If a rule itself seems wrong or insufficient to make the tests pass, surface that to the user instead of working around it.
Naming
| Source artefact | Target Python identifier |
|---|---|
event_v1.json |
schema/types/event.py and tests/unit/schemas/types/test_event.py (strip the _v<N> version suffix) |
$defs.foo_bar |
class FooBar (snake_case → PascalCase, no semantic renames) |
Top-level object schema with title: "Event (v1)" |
class Event (title without parenthesised version) |
Top-level schema with no root type (enum-only / $defs-only file, e.g. event_type_v1.json) |
no root class — the module just contains the $defs outputs |
$defs.<x>_id referencing <prefix>://<UUID> strings |
class <X>Id(RootModel[str]) + helper <x>_id_from_uuid |
Cross-schema $ref (e.g. event_type_v1.json#/$defs/event_type) |
from schema.types.<other_module> import <Class> |
| Enum member name | SCREAMING_SNAKE_CASE of the value, even when the value itself is PascalCase. Example: RECRUITER_NODE_SEARCH = "RecruiterNodeSearch". |
The class name is derived mechanically from the $defs key. Do not shorten, expand, or reinterpret the name. You should, however, translate it from snake_case to PascalCase. For example, stable_agent_id becomes StableAgentId, never AgentId. If a consumer breaks because of a rename, that's the consumer's bug to fix, not the skill's.
Naming for merged classes (anyOf branches that compose ≥2 $defs)
Whenever an anyOf branch is an allOf that references two or more $defs, that branch produces a merged leaf class with no $def name of its own. The rule applies regardless of where the branch sits in the anyOf (schemas are human-written; ordering is not a contract) and regardless of how many $defs are composed.
For each unique composition, pick a name that:
- Reads naturally as base concept "with" extension(s), drawing the tokens from the composed
$defkeys. - PascalCase-joins the components, deduplicating any common prefix/suffix shared between the keys so the result does not stutter (prefer
PartialNodeWithAgentExtensionoverPartialNodeWithPartialNodeAgentExtension). - Treats one of the composed
$defsas the base and the rest as extensions. The base is most easily identified as the$defthat another branch in the sameanyOfreferences alone (or with fewer extensions).
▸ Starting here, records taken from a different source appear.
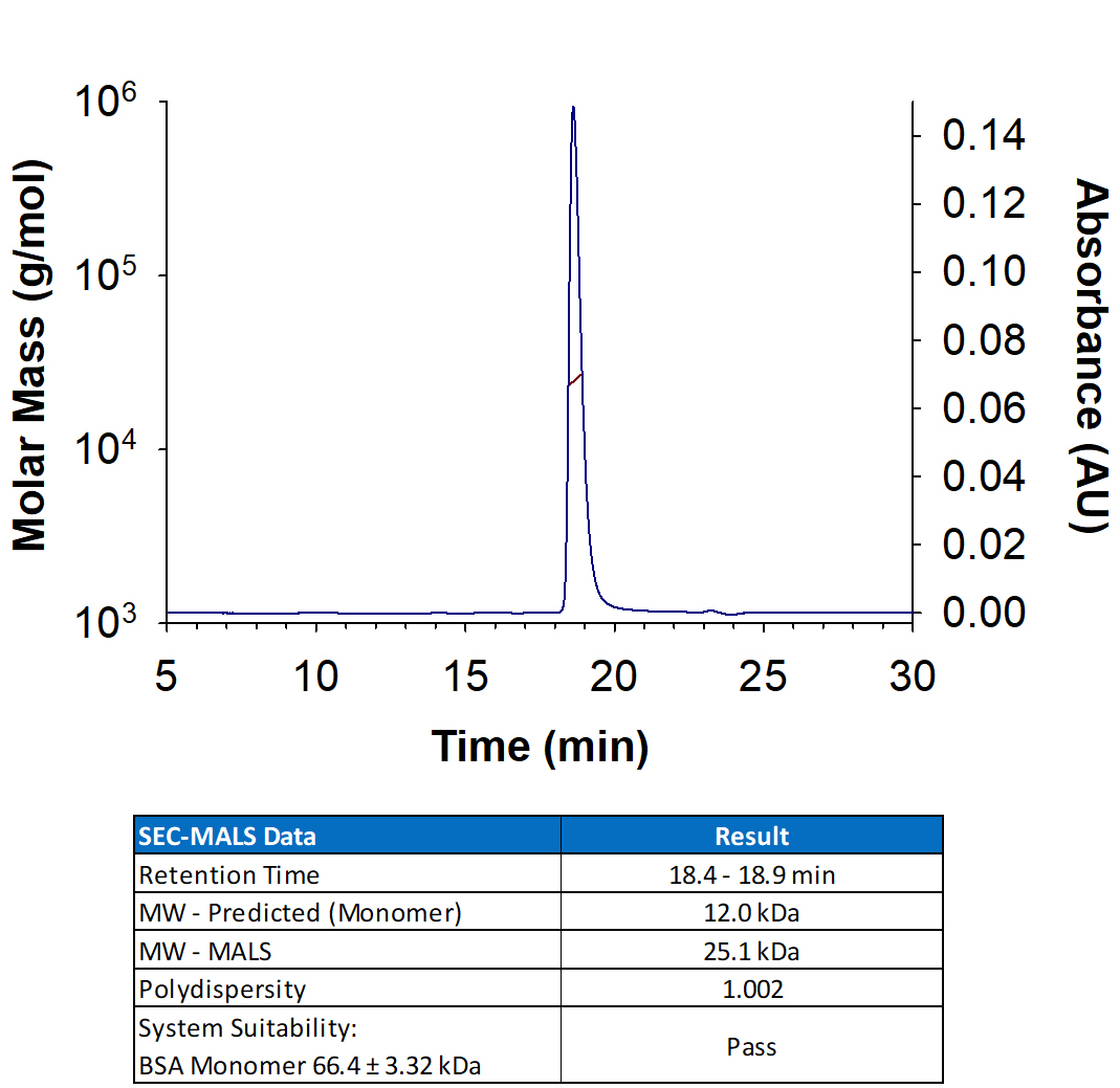 Recombinant Human GDF‑15 Protein (Catalog # 8146-GD) has a molecular weight (MW) of 24-26 kDa as analyzed by SEC-MALS, suggesting that this protein is a homodimer. MW may differ from predicted MW due to post-translational modifications (PTMs) present (i.e. Glycosylation).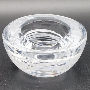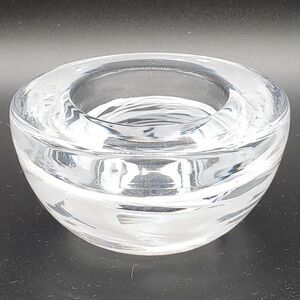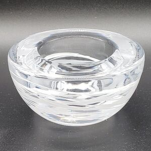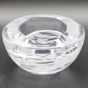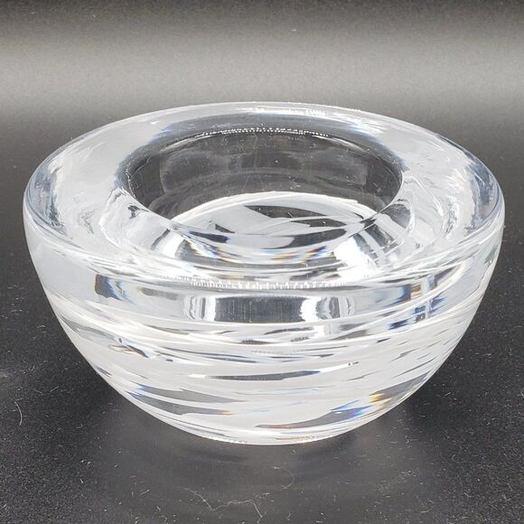 Kosta Boda MCM Swedish Thick Clear Crystal White Swirl Art Glass Tealight Holder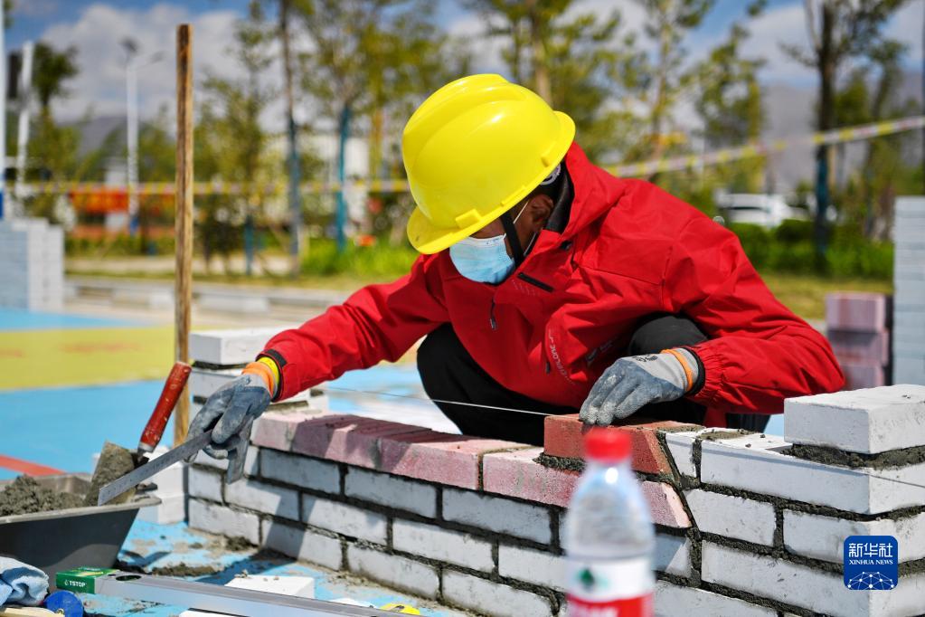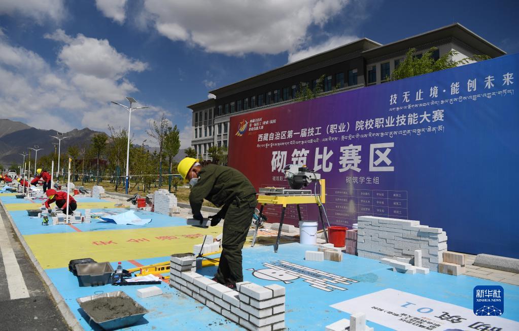 5月10日拍攝的西藏自治區(qū)第一屆技工(職業(yè))院校職業(yè)技能大賽砌筑比賽現(xiàn)場(chǎng)。新華社記者 張汝鋒 攝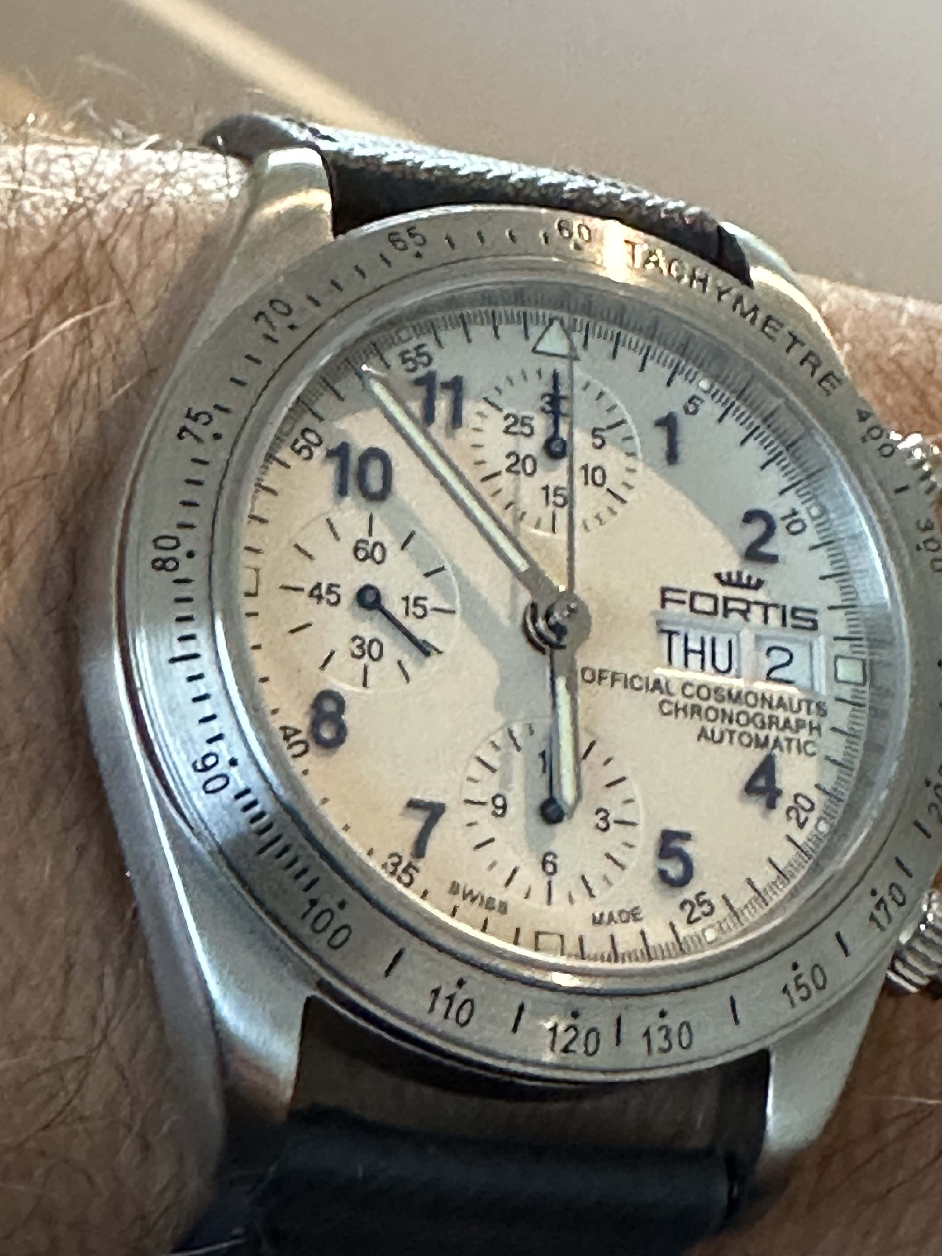 Dan switch ik even snel naar mijn casiotje maar dat is toch een beetje minder spannend. Een stevige maar mooie Fortis zou die plek goed in kunnen nemen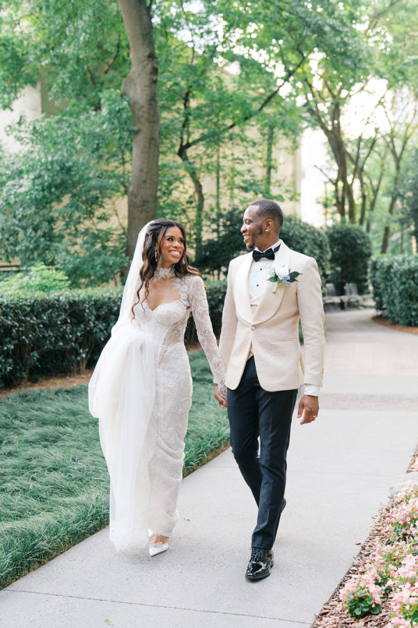 We wanted our wedding to feel elegant and romantic with a sophisticated modern touch. Our goal was to create a welcoming, up-tempo atmosphere — where guests could feel both classy and comfortable enough to mix, mingle, and truly enjoy themselves. Every detail was designed to balance refinement with warmth, giving the day an effortlessly elevated feel. We wanted the reception at The Wimbish House to feel like a modern theater — simple, elegant, and grand. The design featured crisp white and gold details, monogrammed napkins and cups, and soft uplighting that added warmth and depth to the space. The result was a celebration that felt both timeless and lively — perfectly suited to our vision of refined joy.

Falling back: pick the$defwith the largest field set, or the one whose name does not look extension-shaped (e.g. lacks an_extension/_extsuffix). - For ≥2 extensions, chain them:
<Base>With<Ext1>And<Ext2>.... If the chain becomes unreadable, pick a domain-meaningful umbrella token instead — record the choice in the class docstring.
The merged class name must be a function of the set of composed $defs, not of the branch position. Two branches that compose the same set must resolve to the same class.
A $def that is only ever referenced inside an allOf composing a merged class is not emitted as a standalone class: its fields appear directly on the merged class instead. If the same $def is also referenced standalone elsewhere in the schema, emit it standalone too.
This rule applies whenever the composition is anonymous. If the schema gives the composition its own $def name (as partial_agent_node / agent_node do in event_v1.json), follow the standard naming rule and emit classes named after that key — see mapping-rules.md §D for how the named-composition case interacts with sibling-key discrimination.
File header
Every generated file starts with:
# Copyright AGNTCY Contributors (https://github.com/agntcy)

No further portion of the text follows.